*** Record excerpts ***

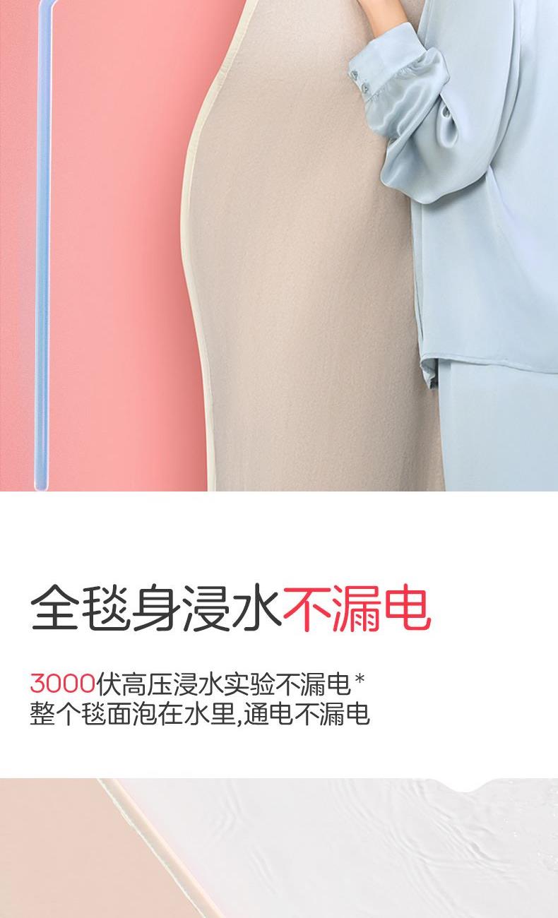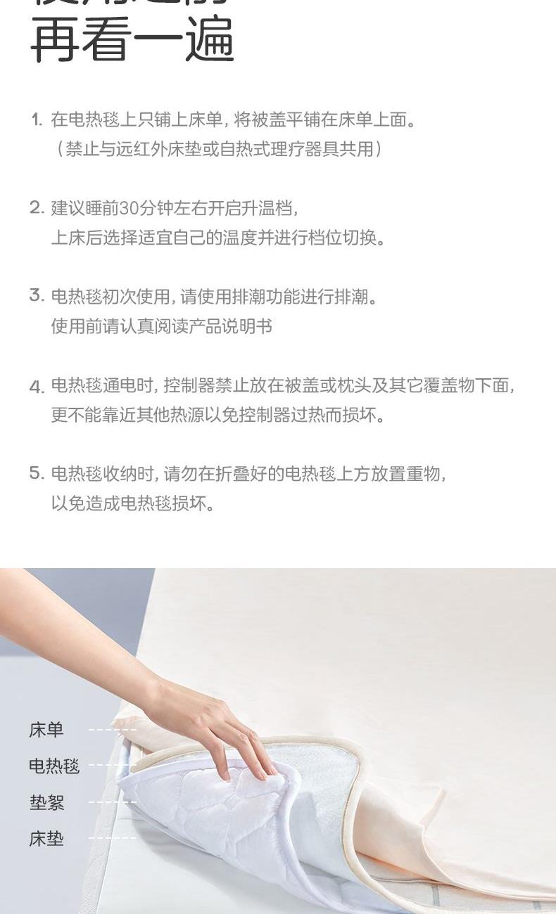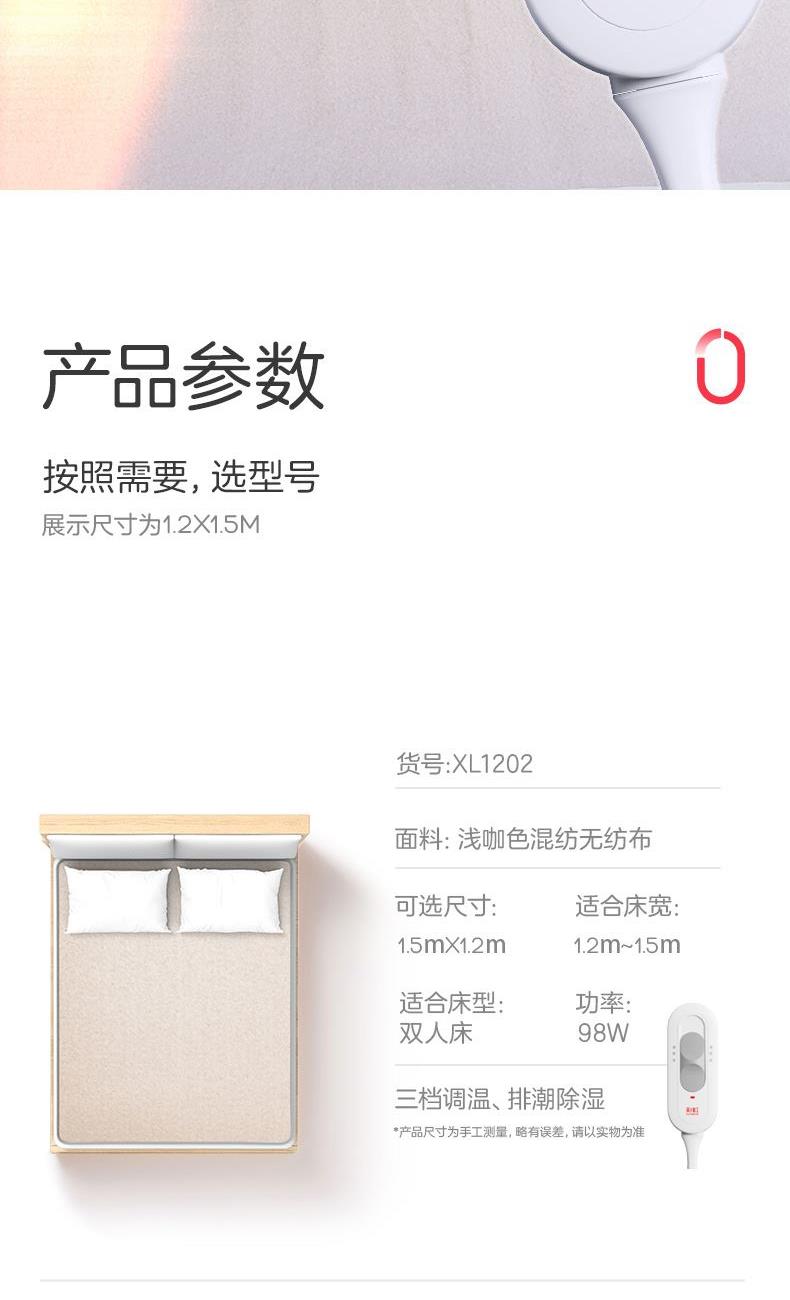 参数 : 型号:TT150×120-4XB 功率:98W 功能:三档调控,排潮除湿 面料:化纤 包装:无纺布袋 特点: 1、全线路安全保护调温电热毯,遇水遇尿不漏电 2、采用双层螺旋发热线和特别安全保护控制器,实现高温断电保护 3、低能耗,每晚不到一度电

*** End of Record excerpts ***
*** Record excerpts ***

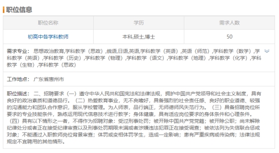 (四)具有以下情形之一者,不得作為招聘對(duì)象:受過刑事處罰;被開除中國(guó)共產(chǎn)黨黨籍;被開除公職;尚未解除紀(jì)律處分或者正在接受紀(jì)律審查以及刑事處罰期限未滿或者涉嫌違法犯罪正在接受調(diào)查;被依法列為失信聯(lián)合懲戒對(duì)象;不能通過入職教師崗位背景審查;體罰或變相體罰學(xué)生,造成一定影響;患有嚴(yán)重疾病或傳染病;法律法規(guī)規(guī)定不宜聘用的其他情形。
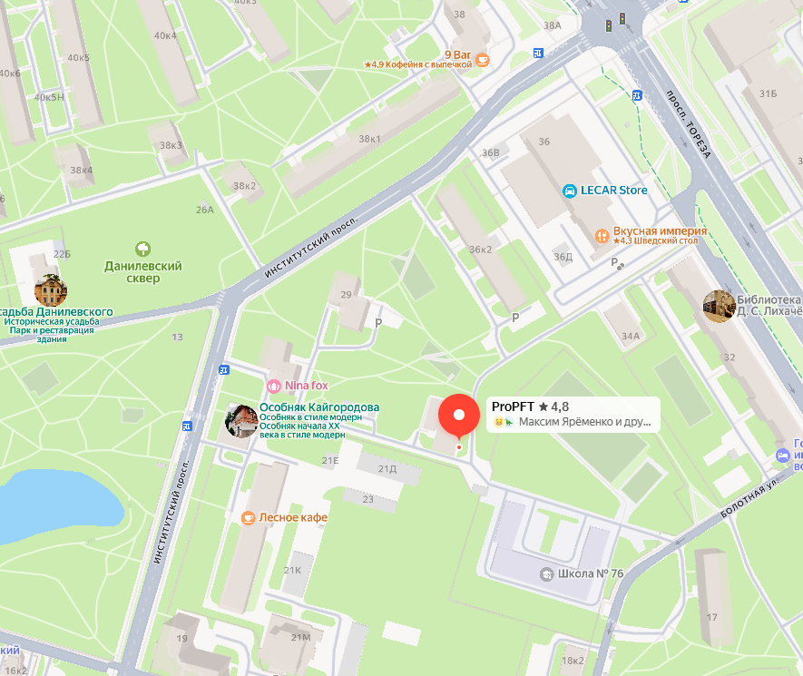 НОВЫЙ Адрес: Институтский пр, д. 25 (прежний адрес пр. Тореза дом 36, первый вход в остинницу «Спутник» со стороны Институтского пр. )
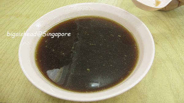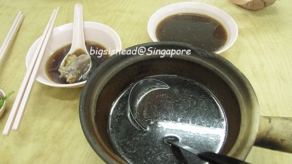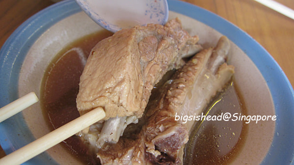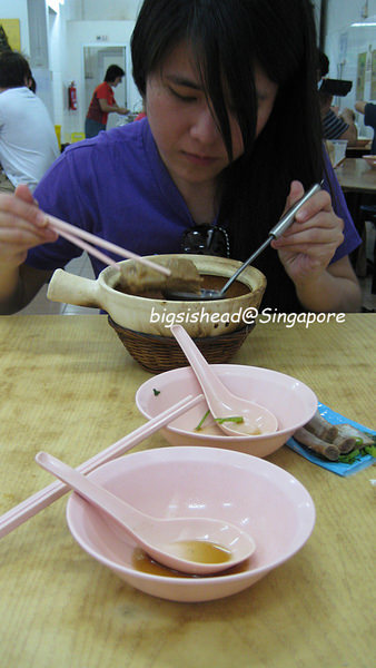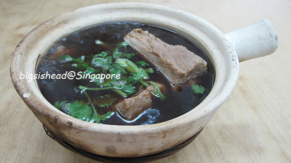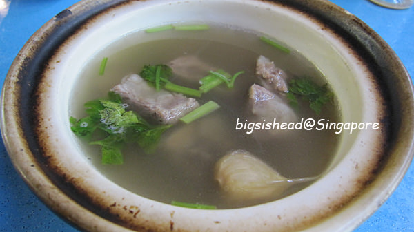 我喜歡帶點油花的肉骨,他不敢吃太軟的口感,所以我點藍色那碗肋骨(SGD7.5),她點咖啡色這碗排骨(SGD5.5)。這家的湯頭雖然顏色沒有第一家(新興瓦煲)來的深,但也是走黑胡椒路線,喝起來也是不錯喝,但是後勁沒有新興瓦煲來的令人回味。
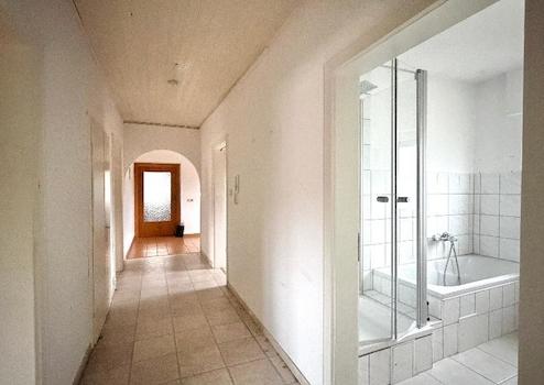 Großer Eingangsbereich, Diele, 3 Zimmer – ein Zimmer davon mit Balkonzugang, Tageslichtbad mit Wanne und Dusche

*** End of Record excerpts ***

* Task brief: Starting at the line above that has "(四)具有以下情形之一者,不" and ending at the line that has "НОВЫЙ Адрес: Институтский", copy each line exactly, leaving the pictures out and adding nothing.

* Completed task:
 (四)具有以下情形之一者,不得作為招聘對(duì)象:受過刑事處罰;被開除中國(guó)共產(chǎn)黨黨籍;被開除公職;尚未解除紀(jì)律處分或者正在接受紀(jì)律審查以及刑事處罰期限未滿或者涉嫌違法犯罪正在接受調(diào)查;被依法列為失信聯(lián)合懲戒對(duì)象;不能通過入職教師崗位背景審查;體罰或變相體罰學(xué)生,造成一定影響;患有嚴(yán)重疾病或傳染病;法律法規(guī)規(guī)定不宜聘用的其他情形。
 НОВЫЙ Адрес: Институтский пр, д. 25 (прежний адрес пр. Тореза дом 36, первый вход в остинницу «Спутник» со стороны Институтского пр. )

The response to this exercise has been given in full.